**GOAL OF THE EXERCISE:**
No pictures go in the copy; retype exactly the lines from the one with "L’enfant doit compter" through the last line of the records.
-- ENTRIES SHOWN follows --
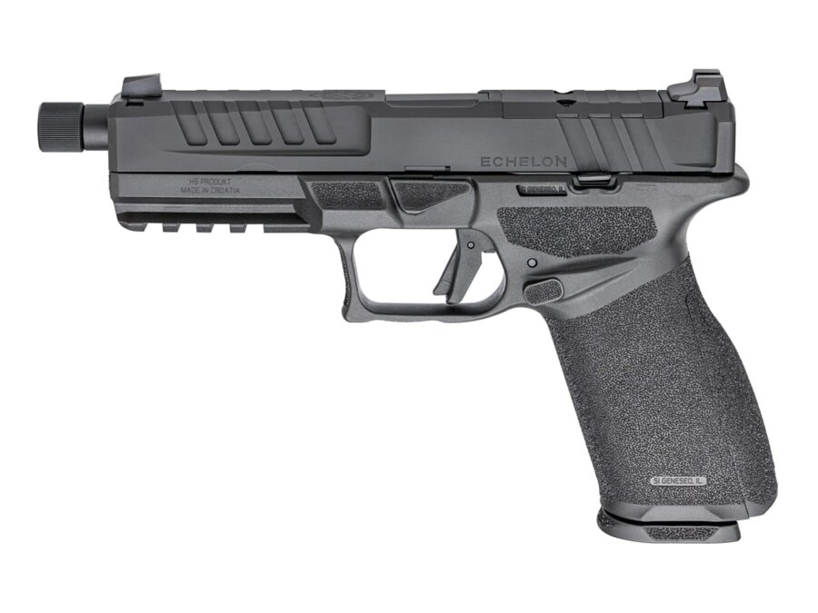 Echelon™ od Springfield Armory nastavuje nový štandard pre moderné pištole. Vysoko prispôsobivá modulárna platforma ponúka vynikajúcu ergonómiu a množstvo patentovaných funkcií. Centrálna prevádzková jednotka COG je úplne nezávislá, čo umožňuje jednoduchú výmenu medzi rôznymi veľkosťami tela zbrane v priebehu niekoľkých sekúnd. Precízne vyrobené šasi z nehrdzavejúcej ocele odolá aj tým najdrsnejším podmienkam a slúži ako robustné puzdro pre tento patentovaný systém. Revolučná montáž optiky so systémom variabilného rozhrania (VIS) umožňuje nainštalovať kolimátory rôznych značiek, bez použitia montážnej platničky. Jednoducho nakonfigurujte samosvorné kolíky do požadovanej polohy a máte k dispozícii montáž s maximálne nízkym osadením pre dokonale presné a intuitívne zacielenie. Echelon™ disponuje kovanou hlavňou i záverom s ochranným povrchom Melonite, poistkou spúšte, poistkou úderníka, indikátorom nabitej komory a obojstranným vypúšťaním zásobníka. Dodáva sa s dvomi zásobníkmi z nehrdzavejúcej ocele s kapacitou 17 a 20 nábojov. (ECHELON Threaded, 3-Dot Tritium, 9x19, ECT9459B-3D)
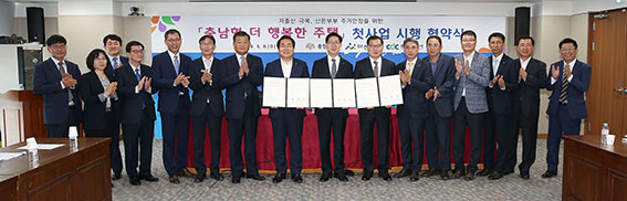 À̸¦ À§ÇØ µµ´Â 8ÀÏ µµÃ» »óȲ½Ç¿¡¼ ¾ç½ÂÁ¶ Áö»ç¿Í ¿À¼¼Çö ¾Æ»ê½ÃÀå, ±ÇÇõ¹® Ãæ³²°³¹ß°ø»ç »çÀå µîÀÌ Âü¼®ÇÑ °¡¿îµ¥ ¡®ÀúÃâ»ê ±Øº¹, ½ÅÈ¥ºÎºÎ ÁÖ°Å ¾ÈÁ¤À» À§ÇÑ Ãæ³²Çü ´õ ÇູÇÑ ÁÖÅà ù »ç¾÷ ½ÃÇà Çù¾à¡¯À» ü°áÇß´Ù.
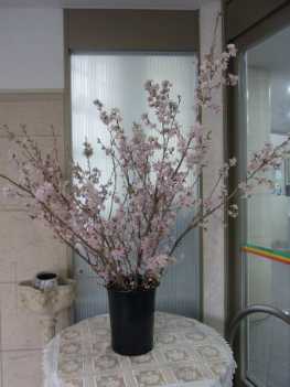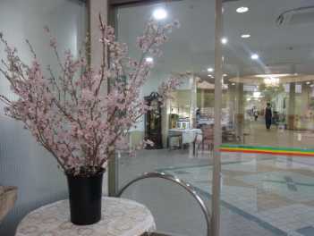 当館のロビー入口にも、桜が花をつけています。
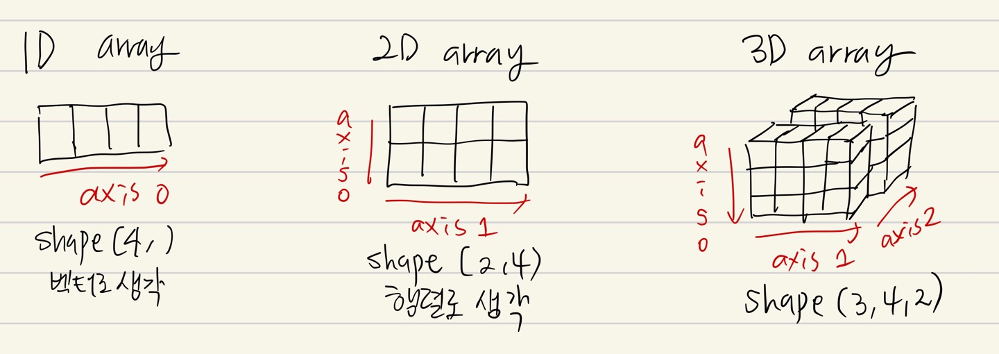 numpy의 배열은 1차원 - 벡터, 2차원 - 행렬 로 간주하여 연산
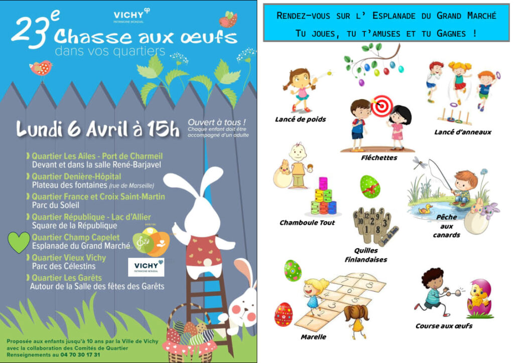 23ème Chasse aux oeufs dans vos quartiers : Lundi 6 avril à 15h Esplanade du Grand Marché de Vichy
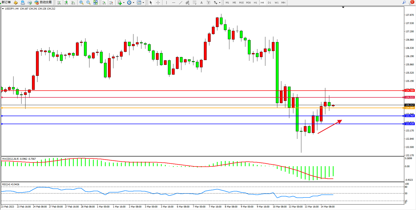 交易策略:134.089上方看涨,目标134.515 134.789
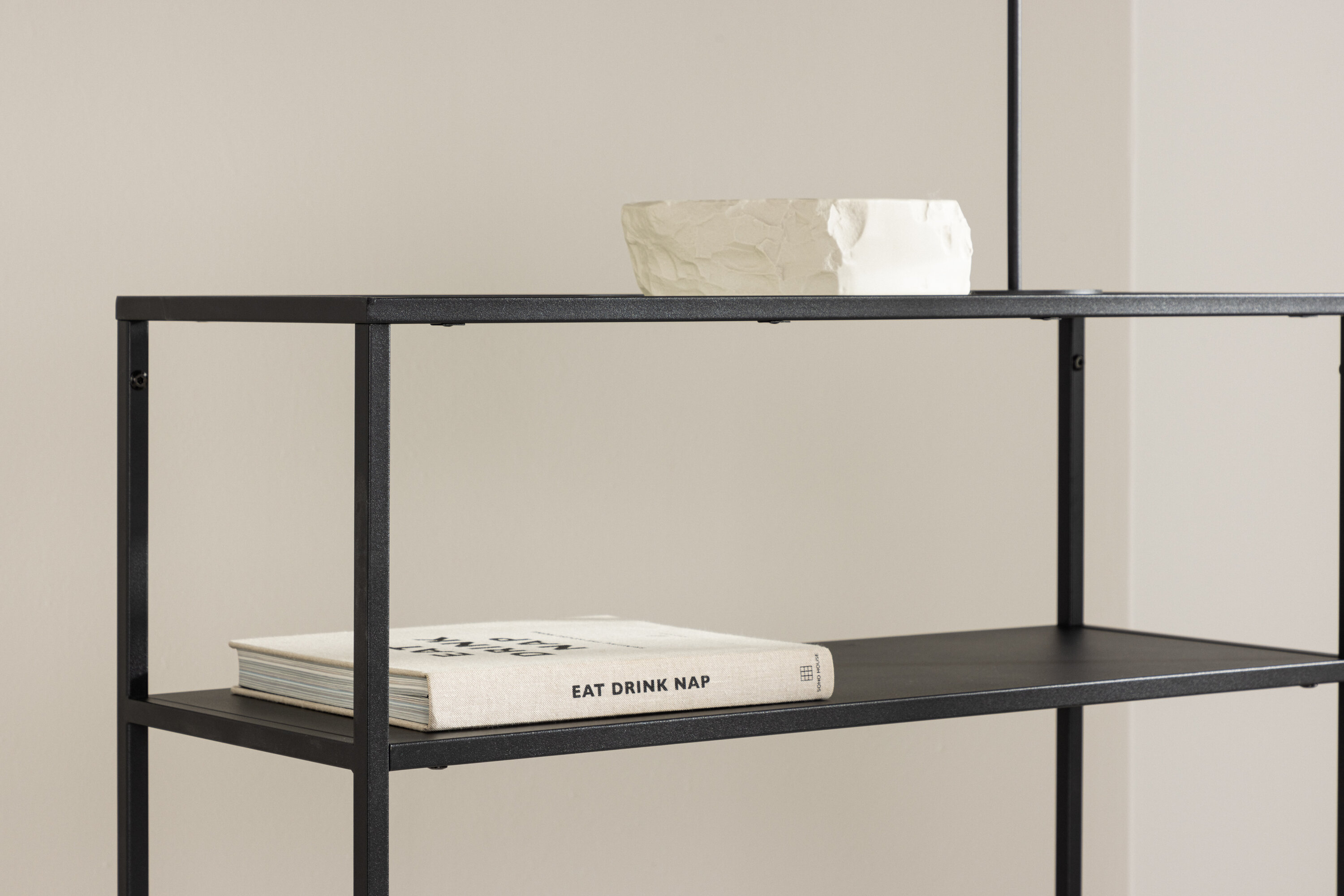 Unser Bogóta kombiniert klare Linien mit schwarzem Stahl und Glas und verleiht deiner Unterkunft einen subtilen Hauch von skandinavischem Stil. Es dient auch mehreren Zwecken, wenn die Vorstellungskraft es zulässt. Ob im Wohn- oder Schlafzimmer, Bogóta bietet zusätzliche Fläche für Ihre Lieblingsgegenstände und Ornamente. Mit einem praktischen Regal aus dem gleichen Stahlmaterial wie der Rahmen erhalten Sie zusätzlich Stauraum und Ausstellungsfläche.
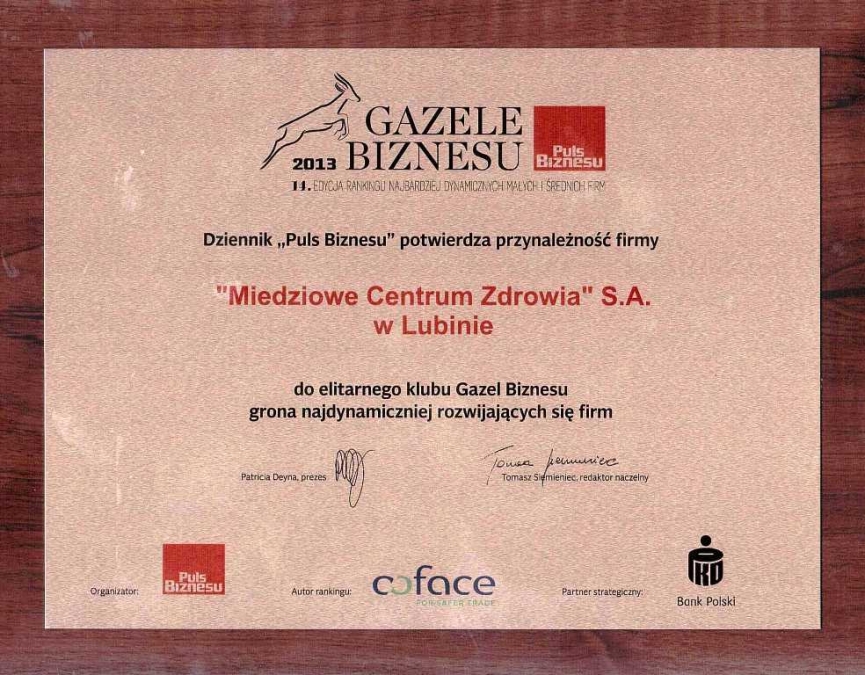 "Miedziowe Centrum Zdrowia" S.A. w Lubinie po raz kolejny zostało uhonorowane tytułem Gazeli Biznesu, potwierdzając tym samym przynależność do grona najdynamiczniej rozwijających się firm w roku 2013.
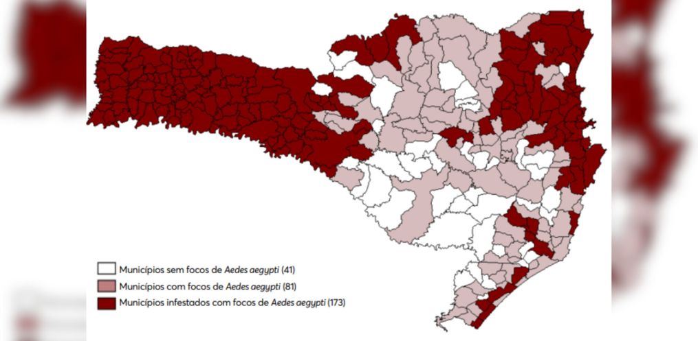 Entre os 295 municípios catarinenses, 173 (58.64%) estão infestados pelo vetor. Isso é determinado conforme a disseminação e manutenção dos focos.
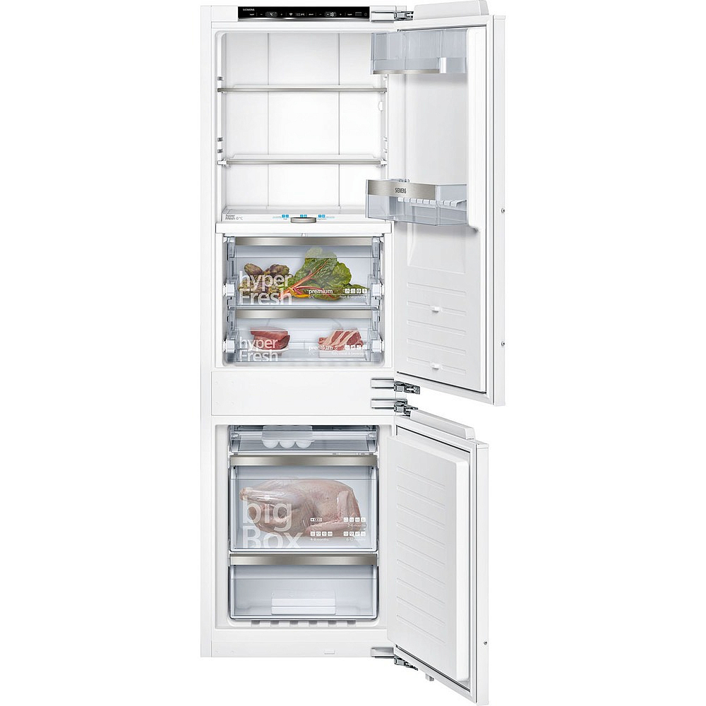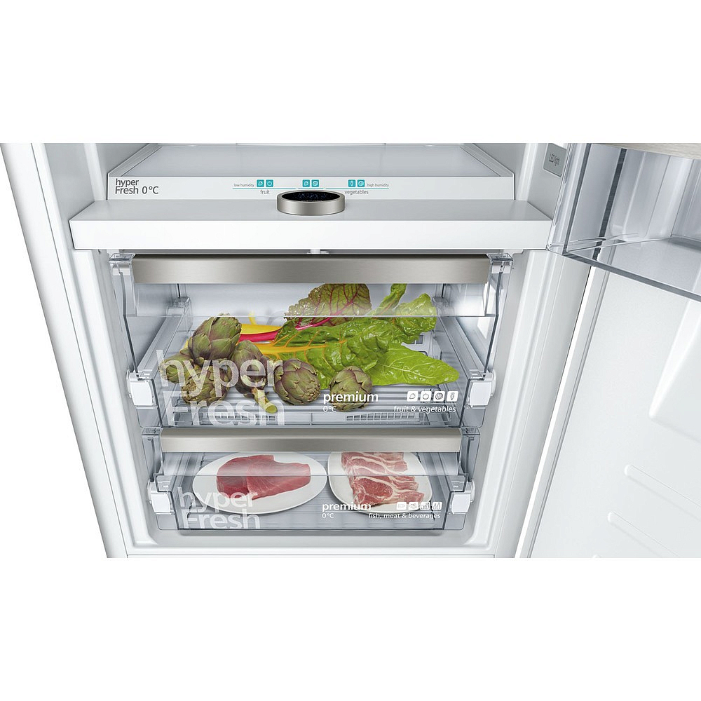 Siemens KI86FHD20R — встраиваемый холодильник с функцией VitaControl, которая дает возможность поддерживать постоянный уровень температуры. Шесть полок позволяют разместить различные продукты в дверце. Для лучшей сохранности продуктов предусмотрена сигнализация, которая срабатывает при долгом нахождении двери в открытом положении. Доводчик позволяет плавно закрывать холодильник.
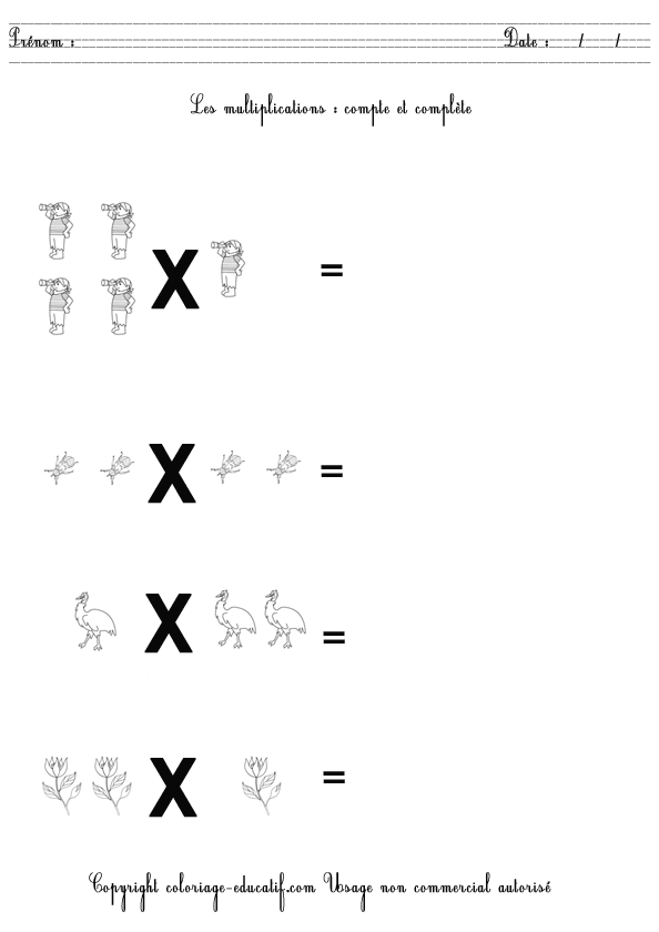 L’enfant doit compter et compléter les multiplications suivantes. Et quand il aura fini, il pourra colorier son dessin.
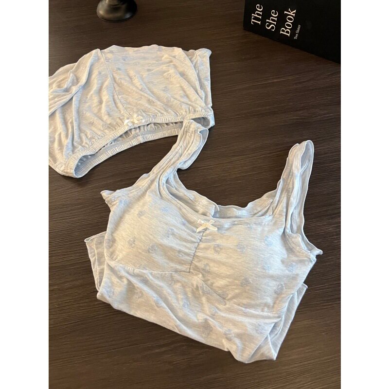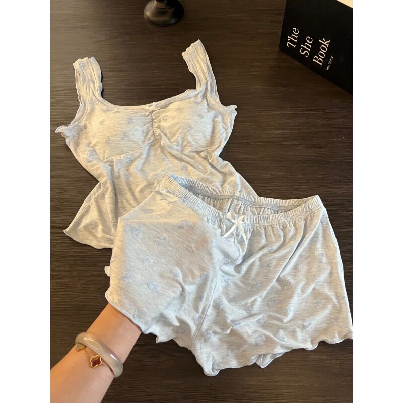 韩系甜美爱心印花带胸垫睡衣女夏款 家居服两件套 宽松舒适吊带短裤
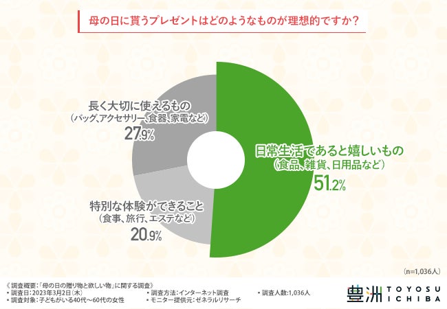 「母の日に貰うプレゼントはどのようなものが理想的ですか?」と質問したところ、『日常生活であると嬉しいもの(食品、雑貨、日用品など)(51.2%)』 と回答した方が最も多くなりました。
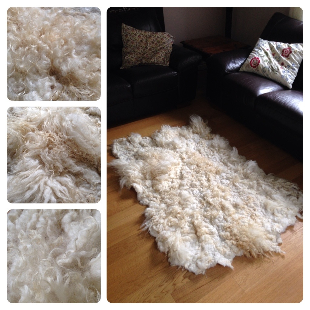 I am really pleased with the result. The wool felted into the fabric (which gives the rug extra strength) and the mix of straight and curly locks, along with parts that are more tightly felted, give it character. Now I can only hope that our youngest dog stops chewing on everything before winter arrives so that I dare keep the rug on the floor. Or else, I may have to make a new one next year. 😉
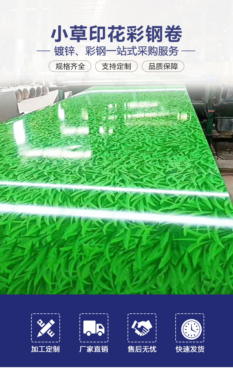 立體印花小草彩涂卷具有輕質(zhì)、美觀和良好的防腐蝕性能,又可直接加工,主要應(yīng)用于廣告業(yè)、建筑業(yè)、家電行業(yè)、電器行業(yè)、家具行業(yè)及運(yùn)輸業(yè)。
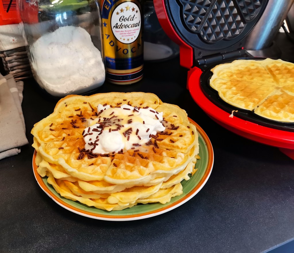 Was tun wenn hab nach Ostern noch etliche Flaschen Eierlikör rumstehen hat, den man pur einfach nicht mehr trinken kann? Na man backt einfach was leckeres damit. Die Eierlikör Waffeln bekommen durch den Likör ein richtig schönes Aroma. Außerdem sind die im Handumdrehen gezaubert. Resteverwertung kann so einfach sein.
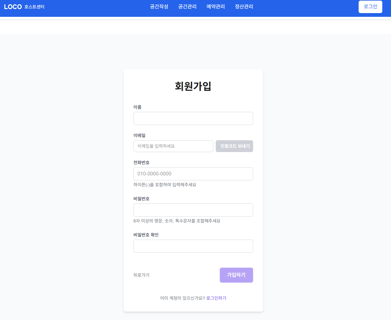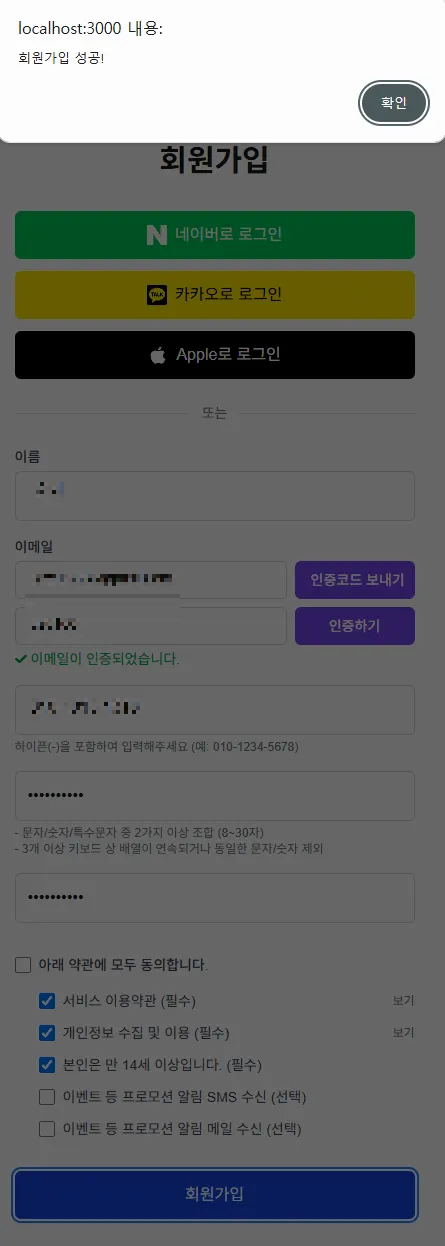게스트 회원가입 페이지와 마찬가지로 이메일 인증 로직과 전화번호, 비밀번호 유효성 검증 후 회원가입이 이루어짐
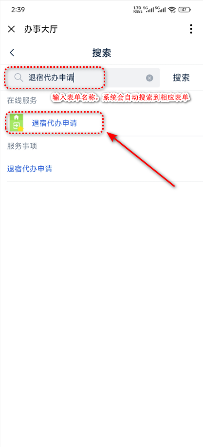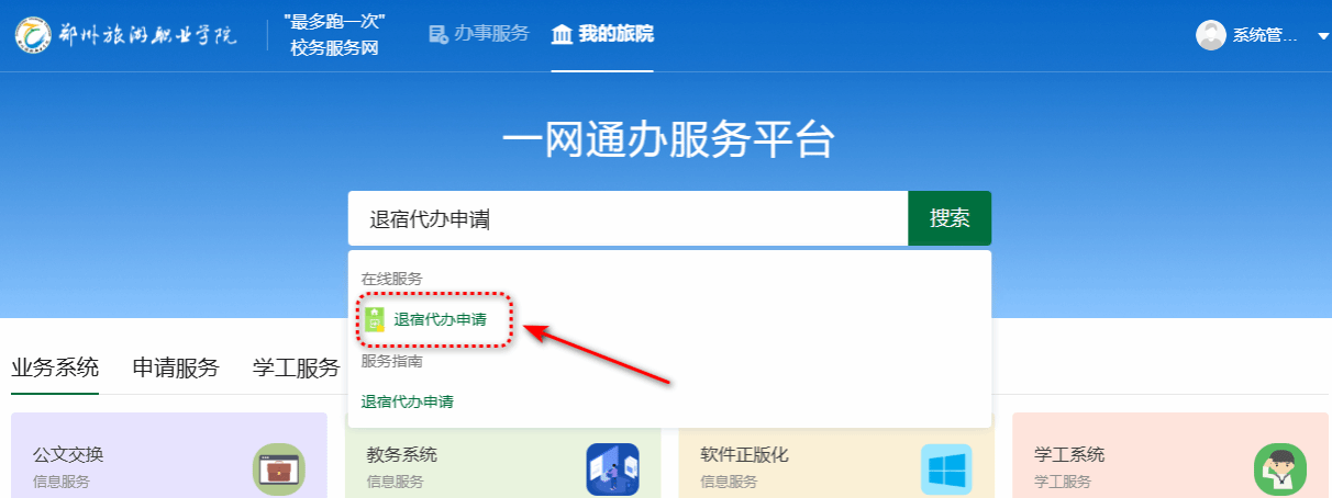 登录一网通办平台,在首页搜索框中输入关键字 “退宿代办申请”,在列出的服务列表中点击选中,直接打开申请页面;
-- ENTRIES SHOWN concluded --
**EXERCISE RESULT:**
 L’enfant doit compter et compléter les multiplications suivantes. Et quand il aura fini, il pourra colorier son dessin.
 韩系甜美爱心印花带胸垫睡衣女夏款 家居服两件套 宽松舒适吊带短裤
 「母の日に貰うプレゼントはどのようなものが理想的ですか?」と質問したところ、『日常生活であると嬉しいもの(食品、雑貨、日用品など)(51.2%)』 と回答した方が最も多くなりました。
 I am really pleased with the result. The wool felted into the fabric (which gives the rug extra strength) and the mix of straight and curly locks, along with parts that are more tightly felted, give it character. Now I can only hope that our youngest dog stops chewing on everything before winter arrives so that I dare keep the rug on the floor. Or else, I may have to make a new one next year. 😉
 立體印花小草彩涂卷具有輕質(zhì)、美觀和良好的防腐蝕性能,又可直接加工,主要應(yīng)用于廣告業(yè)、建筑業(yè)、家電行業(yè)、電器行業(yè)、家具行業(yè)及運(yùn)輸業(yè)。
 Was tun wenn hab nach Ostern noch etliche Flaschen Eierlikör rumstehen hat, den man pur einfach nicht mehr trinken kann? Na man backt einfach was leckeres damit. Die Eierlikör Waffeln bekommen durch den Likör ein richtig schönes Aroma. Außerdem sind die im Handumdrehen gezaubert. Resteverwertung kann so einfach sein.
게스트 회원가입 페이지와 마찬가지로 이메일 인증 로직과 전화번호, 비밀번호 유효성 검증 후 회원가입이 이루어짐
 登录一网通办平台,在首页搜索框中输入关键字 “退宿代办申请”,在列出的服务列表中点击选中,直接打开申请页面;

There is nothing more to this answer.